Los albatros (Diomedeidae) son una familia de portentosas aves marinas del orden Procelariformes que surcan los cielos en majestuosos patrones de vuelo los cuales, según los ornitólogos, son posibles gracias a la compleja anatomía de sus alas, las cuales les permiten viajar grandes distancias consumiendo muy poca energía. Logran así maniobrar ante las inclemencias de los elementos e incluso lanzarse en picada —en vuelo kamikaze— bajo riesgo de muerte, a fin de capturar sus presas en el océano dado el carácter exclusivamente piscívoro de su alimentación. Fue el vate Baudelaire quien con mayor firmeza metafórica hizo poesía de los albatros cuando comparó sus elegantes trazados celestiales con su torpe conducta una vez capturados en tierra; similar a lo acontecido al poeta quien despliega sus alas en el viaje de la escritura mas, al ser atrapado en el mundo terrenal donde no pertenece "concluye la aventura, porque sus alas de gigante no les sirven de nada…".

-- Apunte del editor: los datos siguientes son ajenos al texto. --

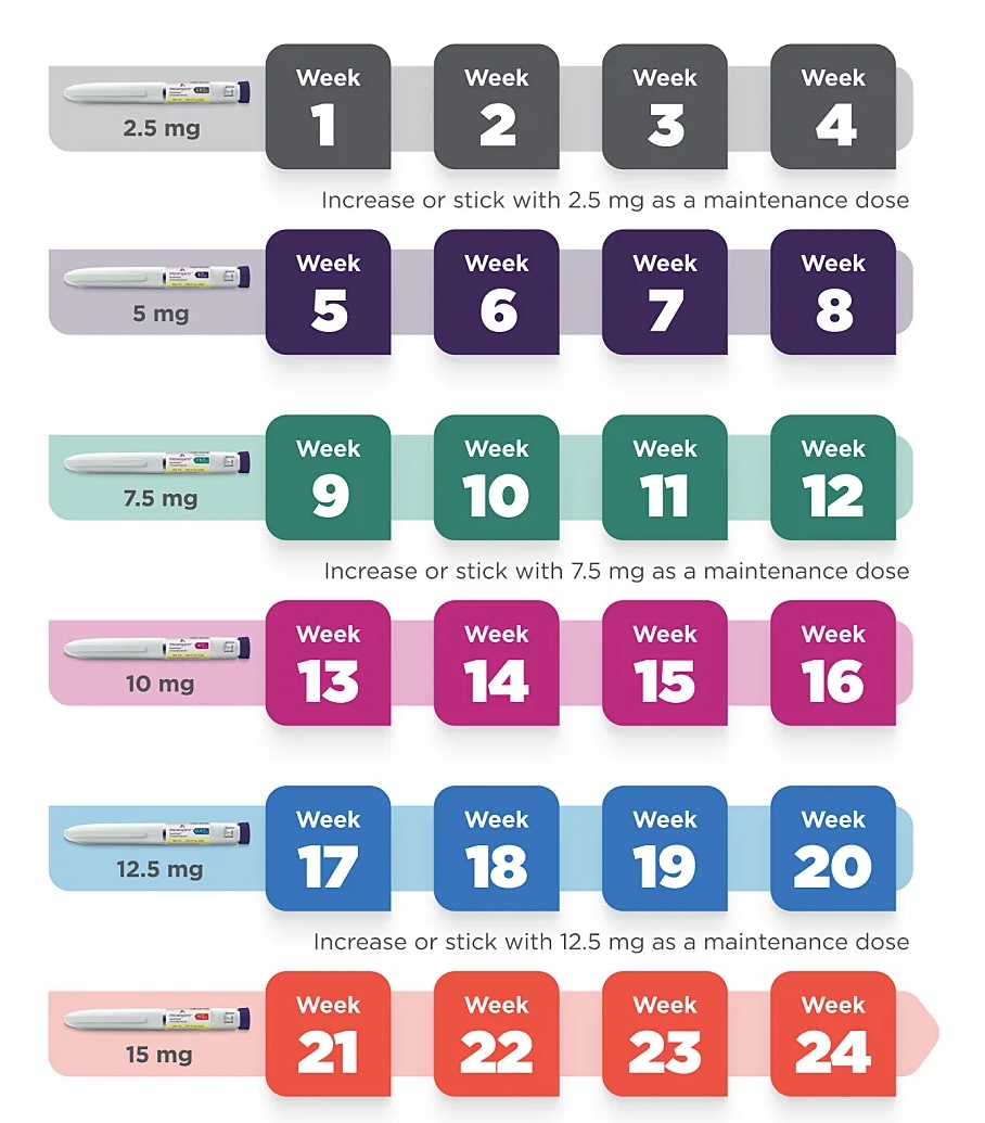 Mounjaro is available in 6 dosages, which you move up over time.
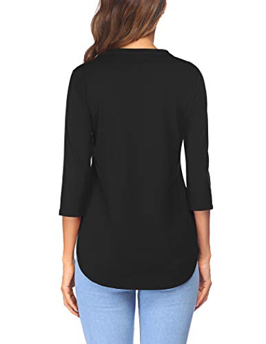 Sherosa Women's 3/4 Sleeve Shirts V Neck Casual Henley Work Tops Blouses 3
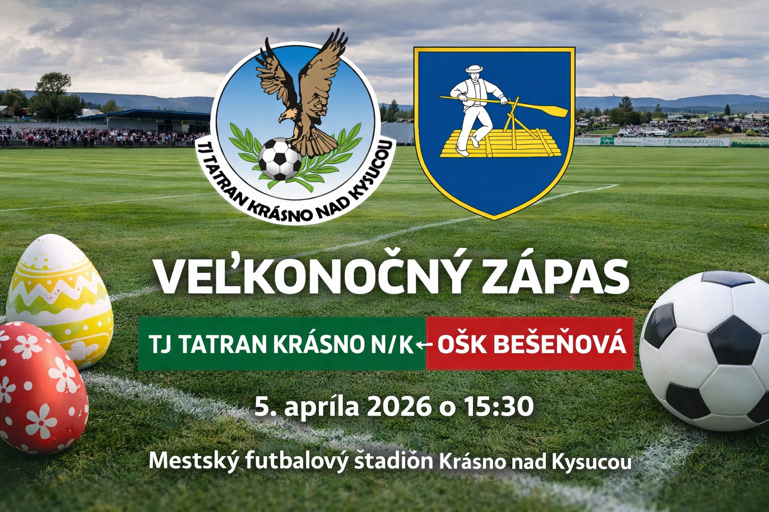 Zápas sa odohrá na Veľkonočnú nedeľu 5. apríla 2026 o 15:30 hod. na mestskom futbalovom štadióne v Krásne nad Kysucou.
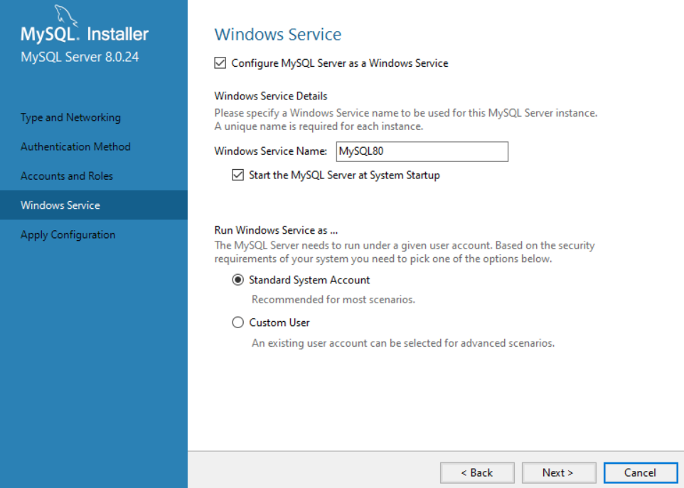Windows Service 이름 설정을 해주면 되는데 나는 그냥 기본값으로 설정해두고 Next
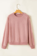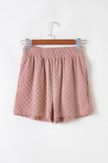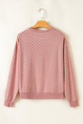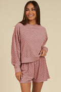 Sale Blossom Checkered Textured Long Sleeve Top and Shorts Set
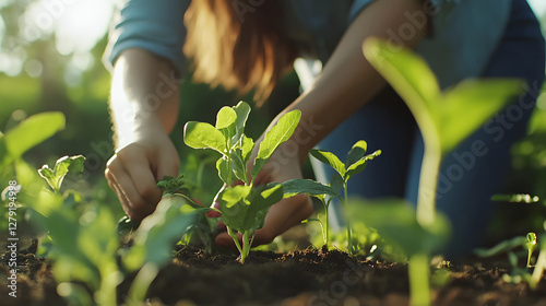 Farmer's hands close-up and soil with plants. Agriculture Care
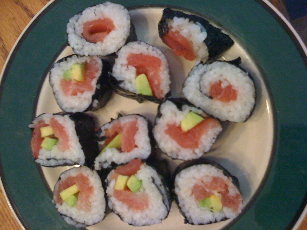 Anyway, I finally gathered all the ingredients earlier in the week and made my first 2 rolls today. First was just tuna, in the 2nd I added avocado, and the 3rd was spicy tuna.
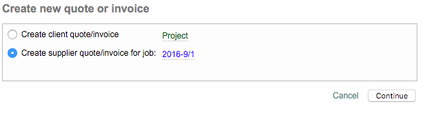 Then tick the radial next to Create supplier quote/invoice for job and click on Continue.
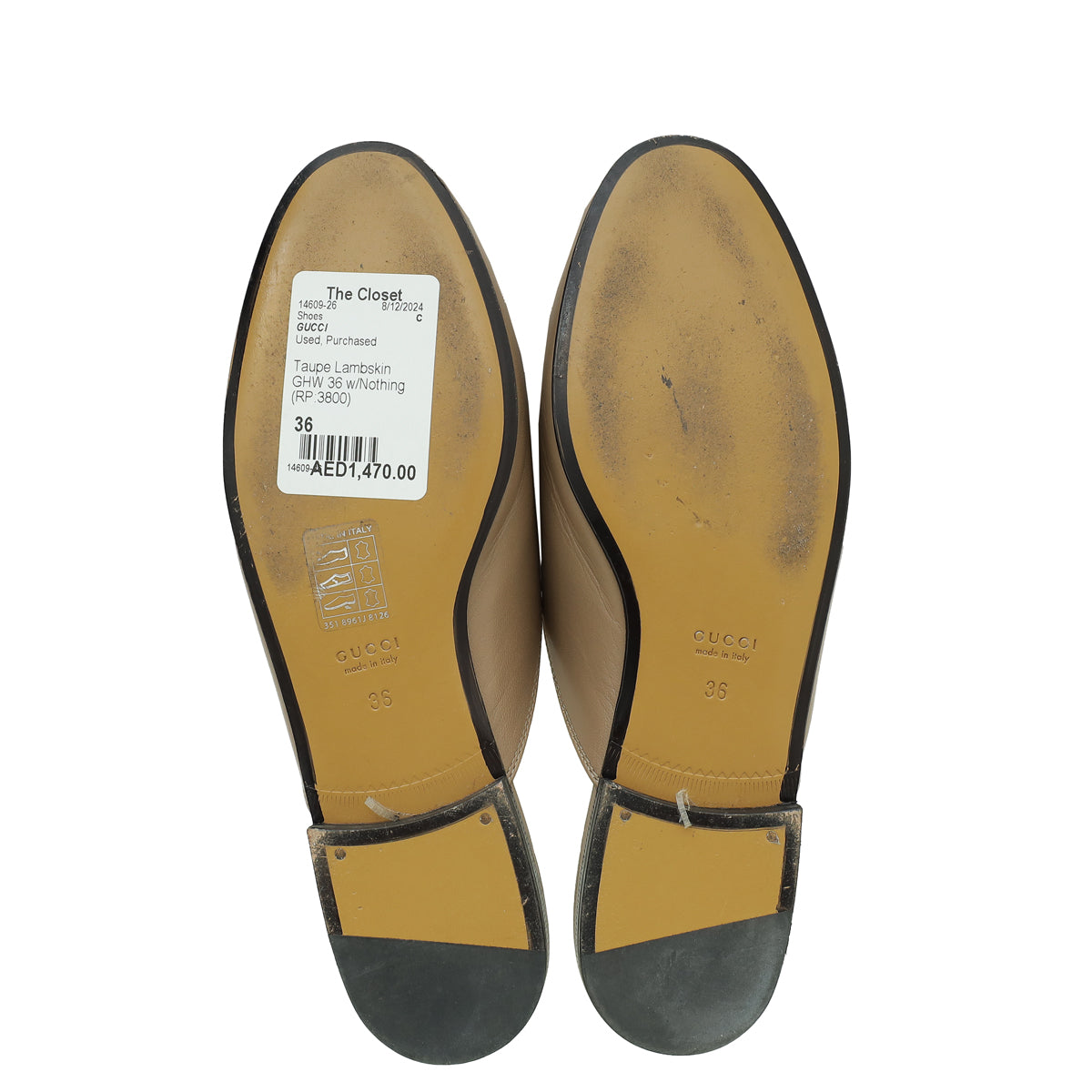 Material: Taupe Lambskin Leather with Horsebit Detail
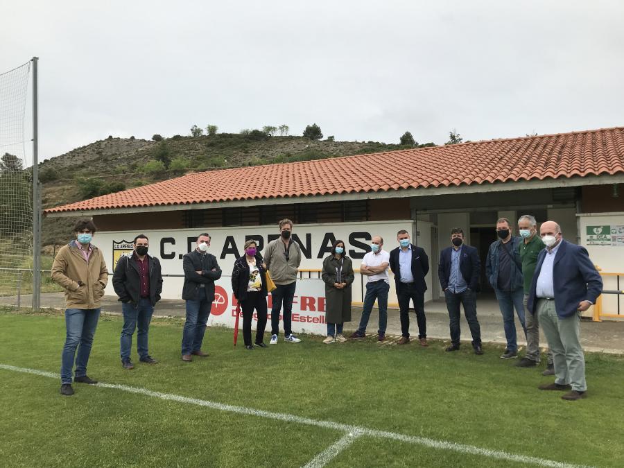 La delegación del Legislativo ha sido recibida por Leo Camaces, alcalde de Ayegui, Manuel Galdeano, concejal, Maxi Ros, presidente del C.D. Arenas, Maikel Casado, secretario del C.D. Arenas y Miguel Iglesias, directivo del club y concejal.
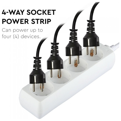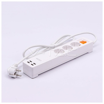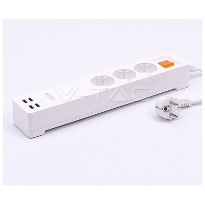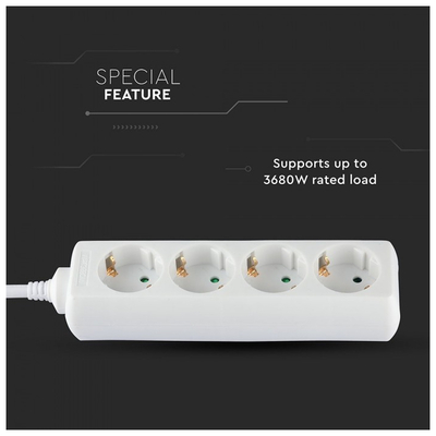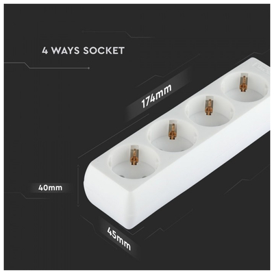 V-TAC Πολύμπριζο Σούκο Λευκό 4 Θέσεων με 3m Καλώδιο Χωρίς Διακόπτη 8757
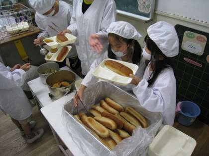 1年生の給食は、教職員や6年生のお手伝いの人が配膳していましたが、今週あたりから1年生の給食当番が、給食を配膳し始めました。汁物を入れた1年生に感想を聞くと、「大変だったけど、おかずを入れるのが楽しかった。」と答えてくれました。
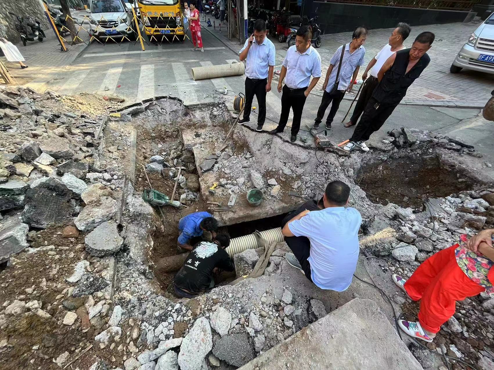管網(wǎng)部立即對(duì)漏水點(diǎn)展開了搶修工作,漏水點(diǎn)在環(huán)山西路中間位置。為了過往車輛和施工人員的安全,立即匯報(bào)至交警部門,得到批準(zhǔn)后對(duì)環(huán)山西路進(jìn)行了封路。搶修工人頂著高溫天氣,經(jīng)過8個(gè)小時(shí)的奮戰(zhàn),終于將漏水管道修復(fù)完成,確保了居民正常用水。晚上21時(shí),清運(yùn)多余的余土和開挖溝槽的回填,恢復(fù)環(huán)孟西路正常通行。8月18日凌晨1時(shí),瀝清路面恢復(fù)完畢,開始清掃、沖刷開挖處路面的污垢。直至凌晨3時(shí),搶修工作全部完成。

Aquellos vuelos suicidas utilizados por los pilotos de la Armada Imperial del Japón en las postrimerías de la Segunda Guerra Mundial representaron un encuentro entre una estrategia bélica de desesperación y la tradición cultural de sacrificio suicida sostenida por el sintoísmo japonés, que, despojado de religiosidad y pruritos morales, le acepta como otra forma del morir. Hay aquí una estrecha relación entre el coraje revelado en tal acto de bravura y la ausencia de miedo a sus posibles consecuencias; un cortejo entre la necesidad de supervivencia (sea esta el alimento o la victoria militar) y el convencimiento de la justeza de la causa misma. Los albatros, instintivamente, una y otra vez, armados del "viento divino" del kamikaze se abalanzan contra el océano convencidos de que su destino permanecerá inalterable a pesar de que el más mínimo error o fallo aerodinámico podría costarles la vida.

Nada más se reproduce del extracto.